### DATA BELOW
---+---
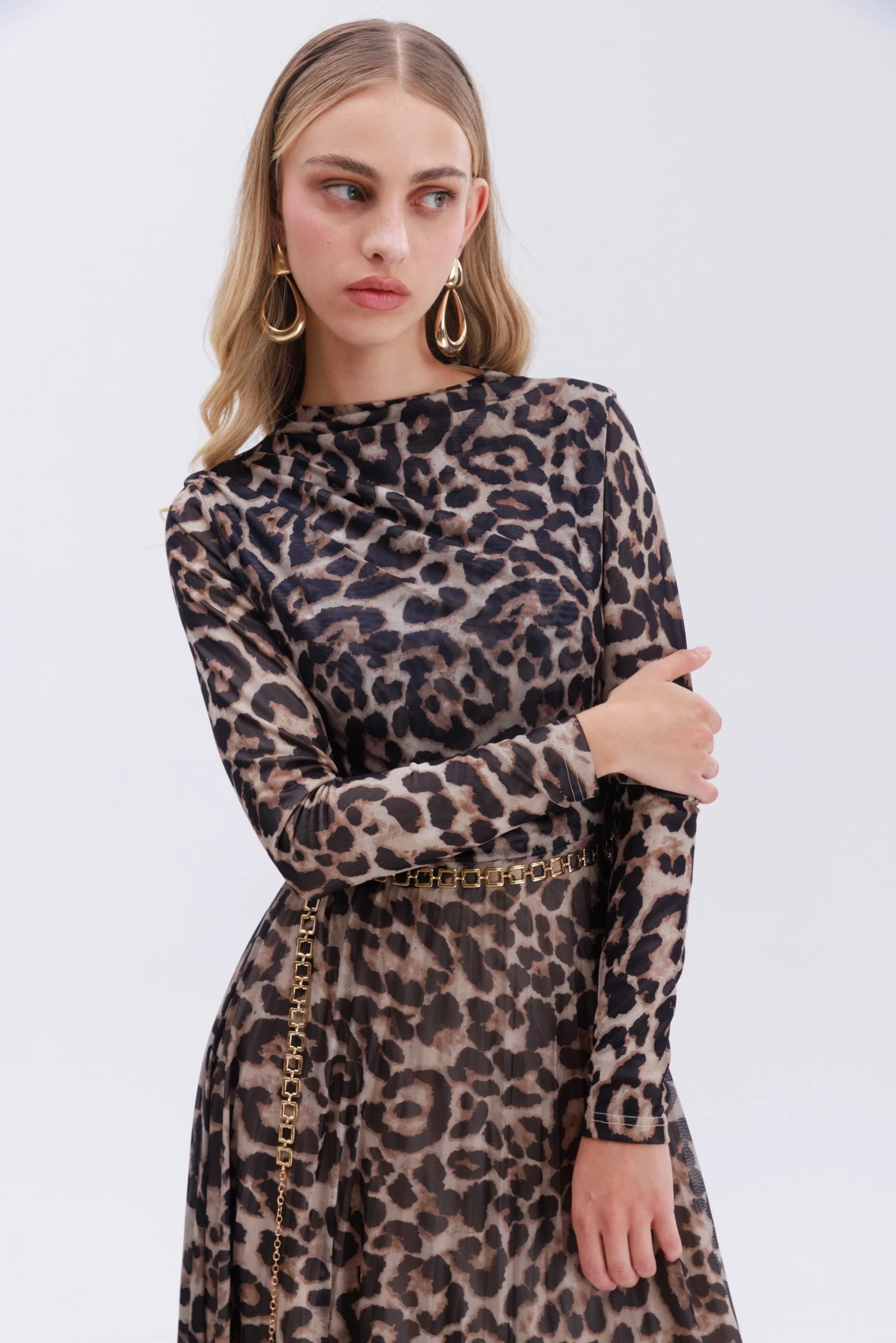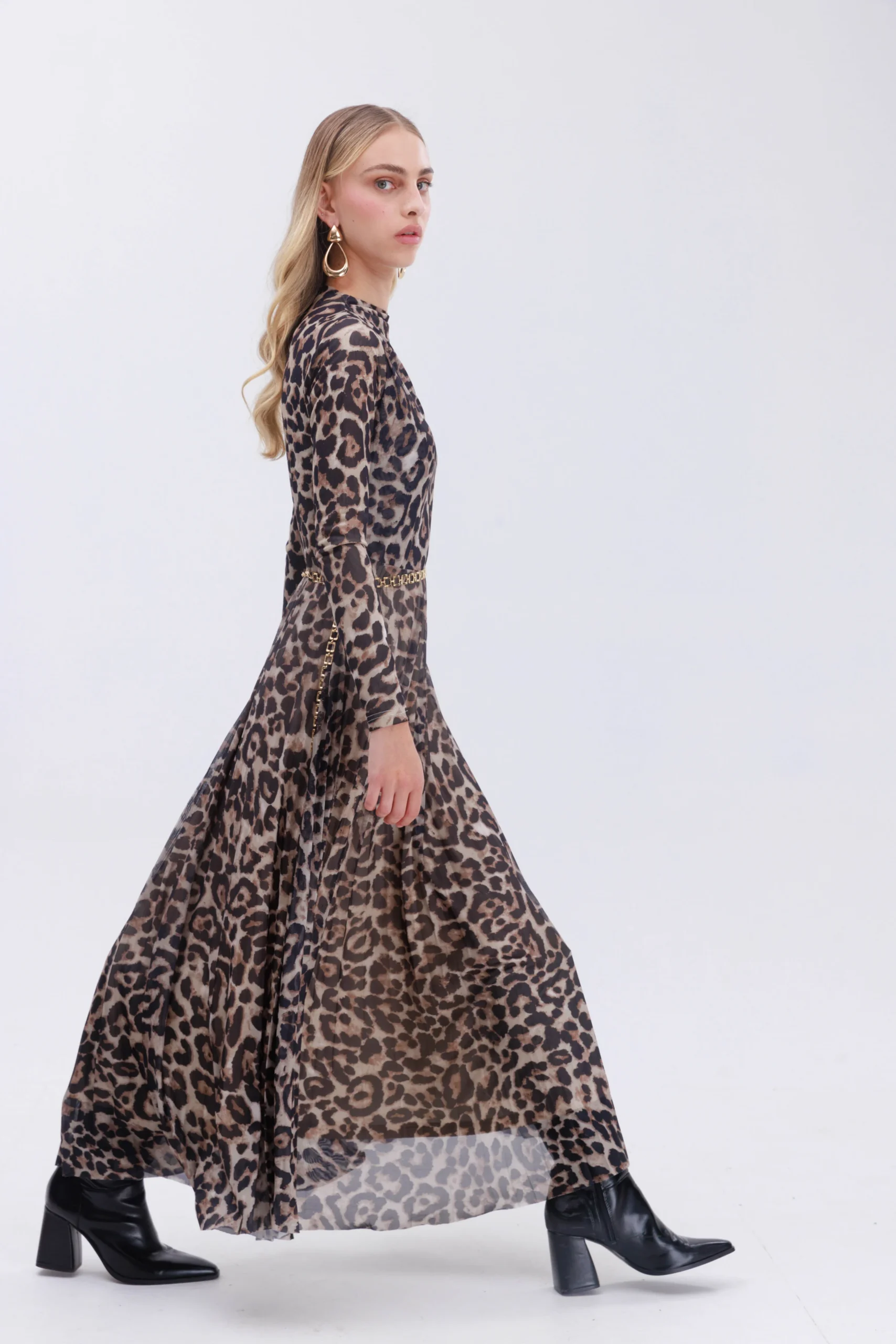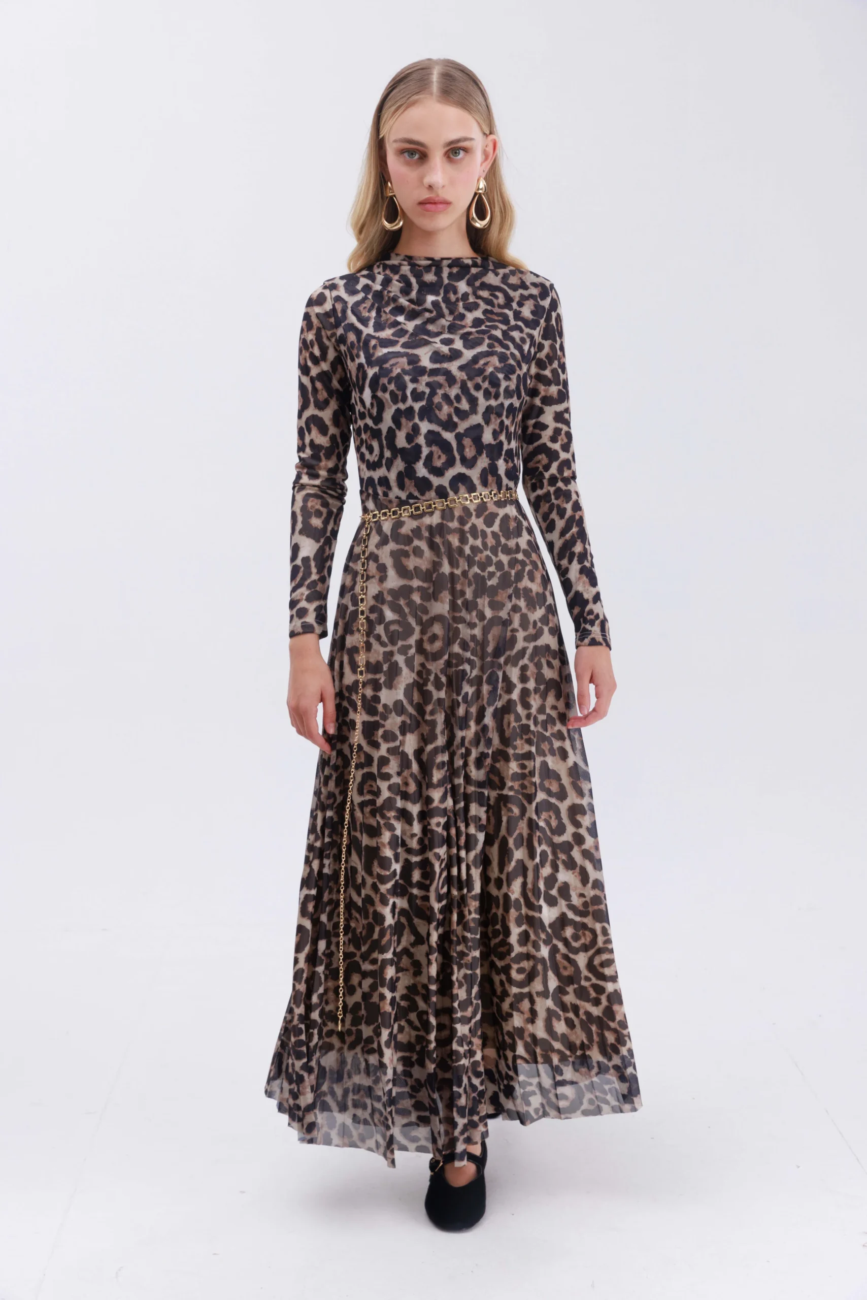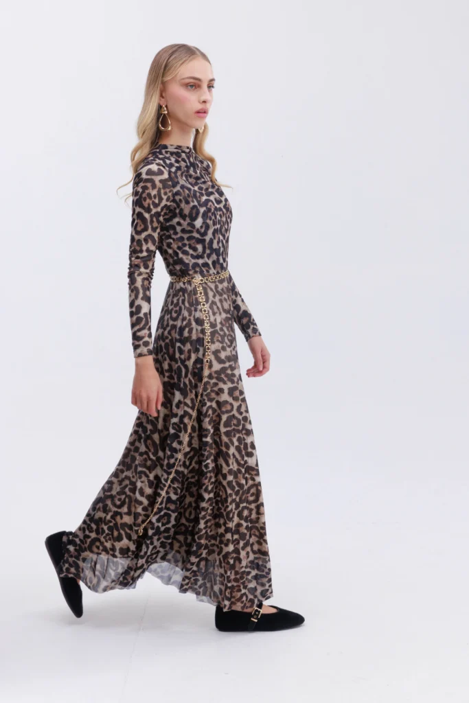 השמלה מגיעה עם חגורת שרשרת שמדגישה את קו המותן
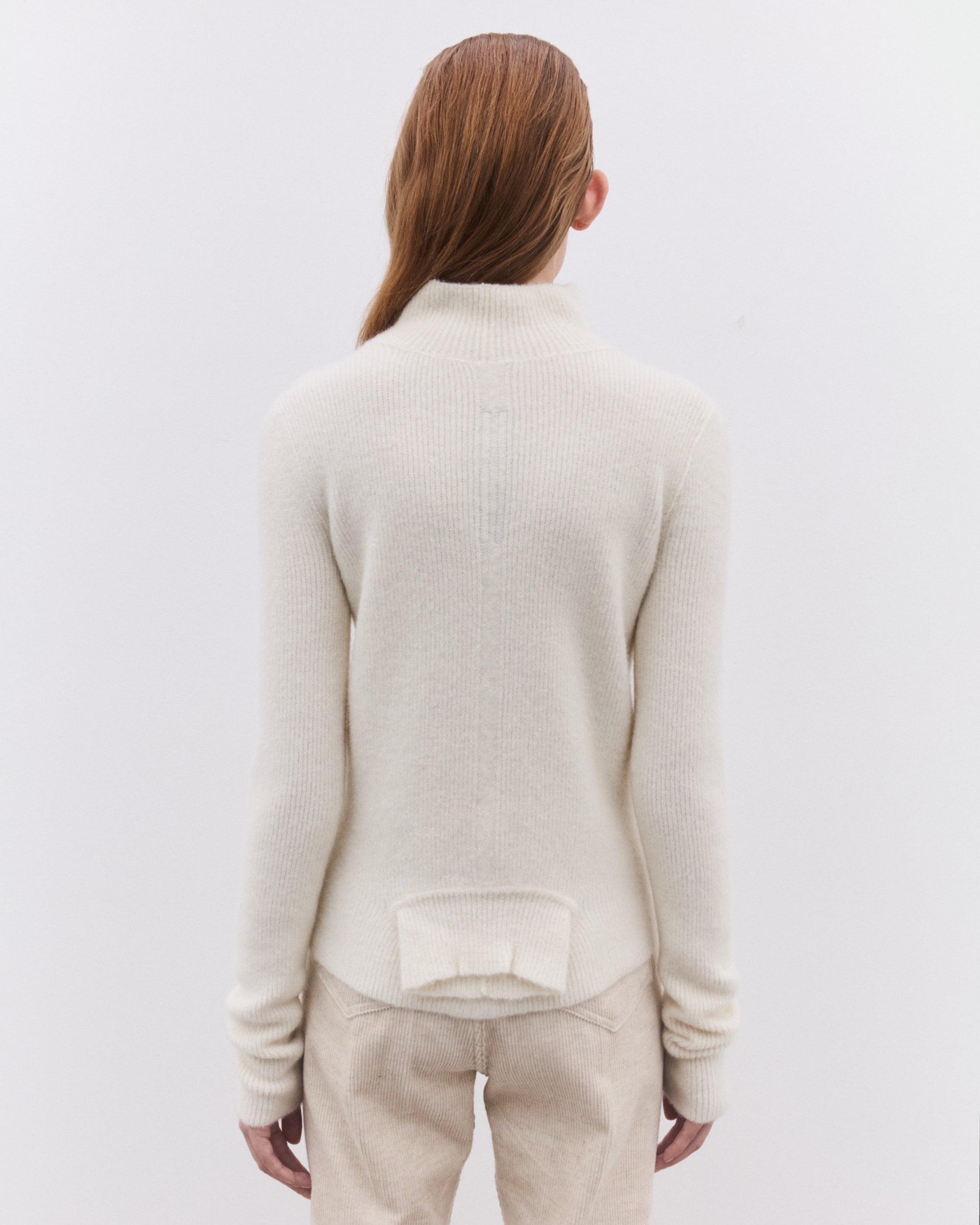 Long sleevesLupetto round neckKnit level shoulder seamsExposed seam at front and backFluffy, soft fabric
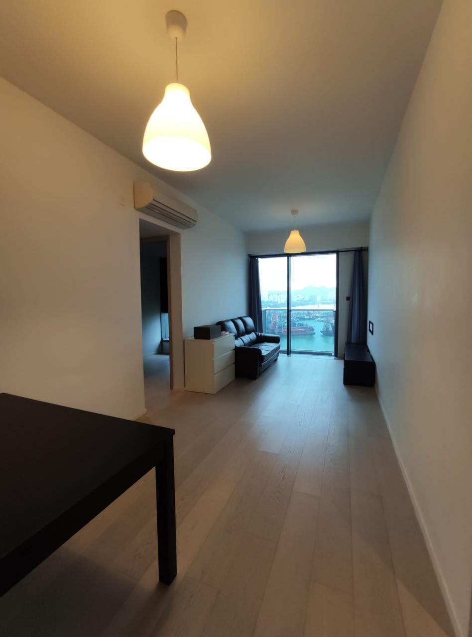 上述放租單位為䨇寓北翼中層A室,實用面積563呎,兩房間隔,連車位叫租2萬元,平均呎租約36元。由於屋苑樓齡只有4年,單位內部基本上是發展商裝修,但簇新企理,並連部分傢俬和電器放租,對租客來說頗為方便。單位面向屯門避風塘及遠望青山灣海景,俯望則為園景,而且大廳和兩個睡房均面向避風塘一帶,景致非常開揚吸引。
---+---
### WHAT TO WORK ON
Drop the images and copy all the data exactly.

### SOLUTION FOR THIS EXERCISE
 השמלה מגיעה עם חגורת שרשרת שמדגישה את קו המותן
 Long sleevesLupetto round neckKnit level shoulder seamsExposed seam at front and backFluffy, soft fabric
 上述放租單位為䨇寓北翼中層A室,實用面積563呎,兩房間隔,連車位叫租2萬元,平均呎租約36元。由於屋苑樓齡只有4年,單位內部基本上是發展商裝修,但簇新企理,並連部分傢俬和電器放租,對租客來說頗為方便。單位面向屯門避風塘及遠望青山灣海景,俯望則為園景,而且大廳和兩個睡房均面向避風塘一帶,景致非常開揚吸引。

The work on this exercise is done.